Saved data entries
● ● ● ● ● ● ●
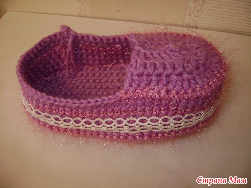 Между двумя рядами "Кристалла" нашиваем тесьму. Затем в носочной части отмечаем 36 столбиков иголочками для шитья, опять переворачиваем на левую сторону и вяжем 36 столбиков без накида, опять получая ровненький загиб. Затем переходим на правую сторону и основными нитками вяжем в носочной части три воздушных петли,5 столбиков с накидом, 12 раз по два провязанных вместе столбика с одним накидом и еще 6 столбиков с одним накидом
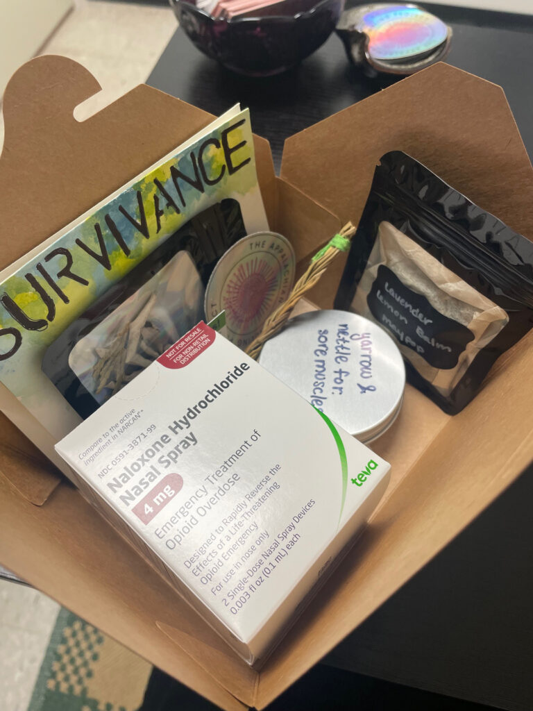Tiffany Pyette: My favorite part of this work is when someone who has been on the receiving end of our overdose response kits contacts me and says that they felt cared for and seen by it being culturally centered. They know someone mixed their teas with love, set the salves with intention, and tucked kind words and mini sweetgrass braids next to the naloxone, band-aids and fentanyl test strips.
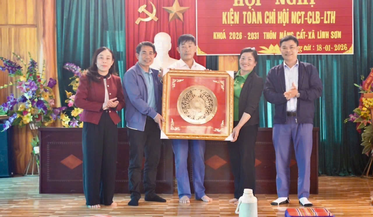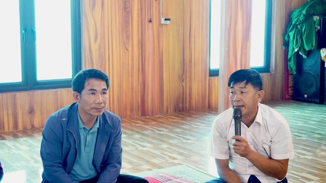 Điểm đến của đoàn là thôn Năng Cát, xã Linh Sơn. Đón tiếp và làm việc với đoàn có đồng chí Lò Văn Duẫn, Trưởng thôn Năng Cát và đồng chí Ngân Thị Khánh, Phó Trưởng thôn.
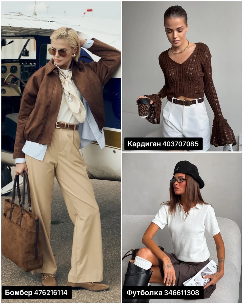 Самые стильные образы всегда построены на простом принципе: спокойная палитра, выразительная фактура и правильные пропорции. На фото — именно такие комплекты: бомберы с мягкой посадкой, тренч с архитектурными плечами, трикотажные футболки с воротником и кардиган с ажуром, который играет на свету. Эти вещи не требуют сложной стилизации — они сами собирают силуэт, а вам остается только добавить обувь, сумку и пару точных аксессуаров.
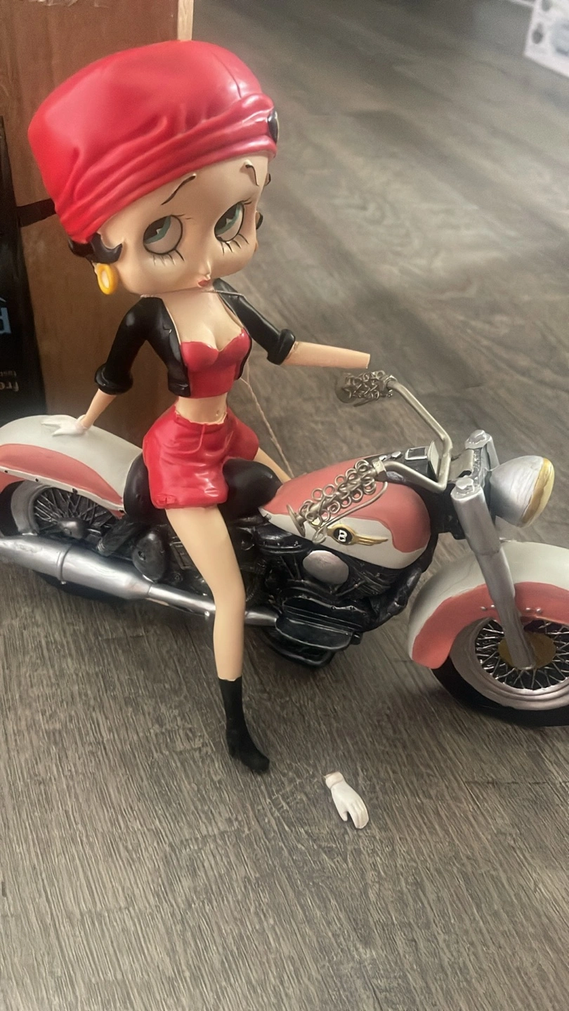 Selling a Betty Boop figurine on a motorcycle. It appears to be missing a hand, as shown in the photos. Great for collectors!
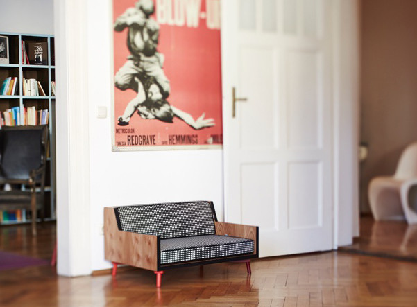 Con una construcción de madera contrachapada doblada y tapicería con una tela de los Eames, esta encantadora cama para perro de CANOPYstudio es una delicia para cualquier entusiasta moderno de mediados de siglo.
● ● ● ● ● ● ●
WORK INSTRUCTIONS:
Could you transcribe exactly the lines from the line containing "Selling a Betty" through the final line of the records, both included, and nothing beyond them? The pictures should be left out.

RESULT:
 Selling a Betty Boop figurine on a motorcycle. It appears to be missing a hand, as shown in the photos. Great for collectors!
 Con una construcción de madera contrachapada doblada y tapicería con una tela de los Eames, esta encantadora cama para perro de CANOPYstudio es una delicia para cualquier entusiasta moderno de mediados de siglo.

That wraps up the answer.